Output the listing exactly, without its pictures.

[INFORMATION PROVIDED]
══════════
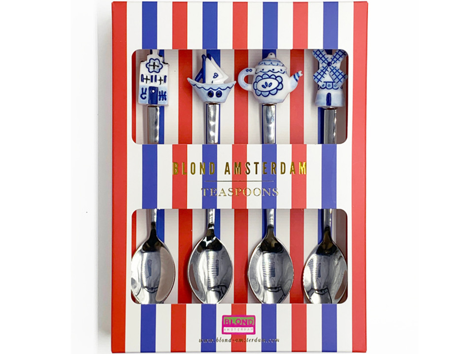 Voeg een vleugje Nederlandse traditie toe aan je theemomenten met de Set van 4 theelepels uit de Delfts Blond van Blond Amsterdam! Elke lepel in deze set is versierd met een charmant Delfts Blond ontwerp bovenop het handvat, zoals een klompje, molentje of een gezellig Amsterdams huisje. Deze iconische symbolen zijn verpakt in de kenmerkende Blond Amsterdam-stijl. Deze theelepels zijn ideaal voor het roeren van je favoriete kopje thee, koffie of zelfs een dessert. Perfect als cadeau voor een echte Nederland-liefhebber of als toevoeging aan je eigen Blond Amsterdam collectie. Geef je koffiepauzes een vrolijke Nederlandse twist met deze unieke lepels!
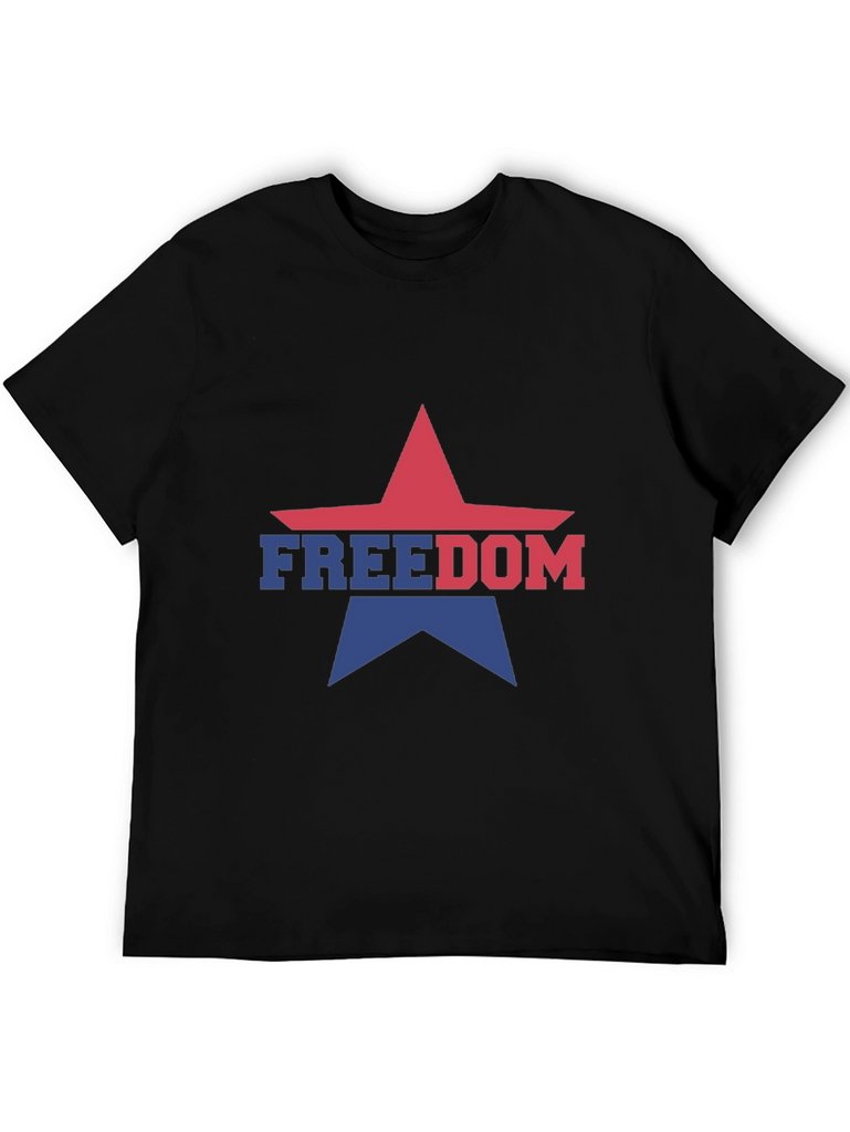 Show your love for freedom with this eye-catching graphic t-shirt! This black tee features a bold, red and blue star design with the word "FREEDOM" emblazoned across the center. The star's upper portion is red, while the lower half is blue, creating a striking contrast. Made from what appears to be a soft and comfortable cotton blend, this shirt offers a relaxed fit perfect for everyday wear. Ideal for casual outings, patriotic holidays like the 4th of July, or simply expressing your values, this t-shirt is sure to make a statement. Pair it with jeans, shorts, or khakis for a versatile and stylish look. Get yours today and wear your freedom proudly!
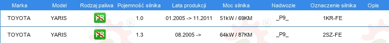 Dodatkowe informacje katalogowe
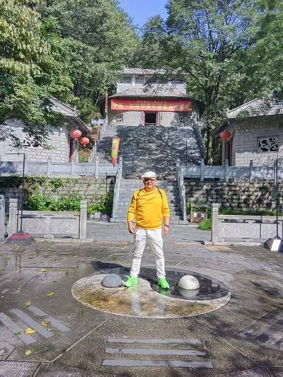 我和会长登盘古,徒步山间云雾边。祭祖不辞荆路远,寻根终有赤心牵。 天涯羁旅思亲切,海角情深夙梦圆。神话缤纷先辈慧,轩辕后裔万千年。注:盘古祖殿位于河南省桐柏县淮源风景名胜区内,是盘古文化的重要圣地。2025、9、20我和会长马毅徒步攀登桐柏山盘古祖殿。爬山真的是一场身体和心灵的双重旅行!山再高,往上攀,总能登顶;路再长,走下去,定能到达目的。徒步不只是为了看到山顶的风景,更是为了享受沿途的每一步。 爬山如人生,有起有落,有高有低,但每一步都要我们坚持。虽然很累心里很爽。时年八十一岁。
══════════
[SOLUTION TO THIS TASK]
 Voeg een vleugje Nederlandse traditie toe aan je theemomenten met de Set van 4 theelepels uit de Delfts Blond van Blond Amsterdam! Elke lepel in deze set is versierd met een charmant Delfts Blond ontwerp bovenop het handvat, zoals een klompje, molentje of een gezellig Amsterdams huisje. Deze iconische symbolen zijn verpakt in de kenmerkende Blond Amsterdam-stijl. Deze theelepels zijn ideaal voor het roeren van je favoriete kopje thee, koffie of zelfs een dessert. Perfect als cadeau voor een echte Nederland-liefhebber of als toevoeging aan je eigen Blond Amsterdam collectie. Geef je koffiepauzes een vrolijke Nederlandse twist met deze unieke lepels!
 Show your love for freedom with this eye-catching graphic t-shirt! This black tee features a bold, red and blue star design with the word "FREEDOM" emblazoned across the center. The star's upper portion is red, while the lower half is blue, creating a striking contrast. Made from what appears to be a soft and comfortable cotton blend, this shirt offers a relaxed fit perfect for everyday wear. Ideal for casual outings, patriotic holidays like the 4th of July, or simply expressing your values, this t-shirt is sure to make a statement. Pair it with jeans, shorts, or khakis for a versatile and stylish look. Get yours today and wear your freedom proudly!
 Dodatkowe informacje katalogowe
 我和会长登盘古,徒步山间云雾边。祭祖不辞荆路远,寻根终有赤心牵。 天涯羁旅思亲切,海角情深夙梦圆。神话缤纷先辈慧,轩辕后裔万千年。注:盘古祖殿位于河南省桐柏县淮源风景名胜区内,是盘古文化的重要圣地。2025、9、20我和会长马毅徒步攀登桐柏山盘古祖殿。爬山真的是一场身体和心灵的双重旅行!山再高,往上攀,总能登顶;路再长,走下去,定能到达目的。徒步不只是为了看到山顶的风景,更是为了享受沿途的每一步。 爬山如人生,有起有落,有高有低,但每一步都要我们坚持。虽然很累心里很爽。时年八十一岁。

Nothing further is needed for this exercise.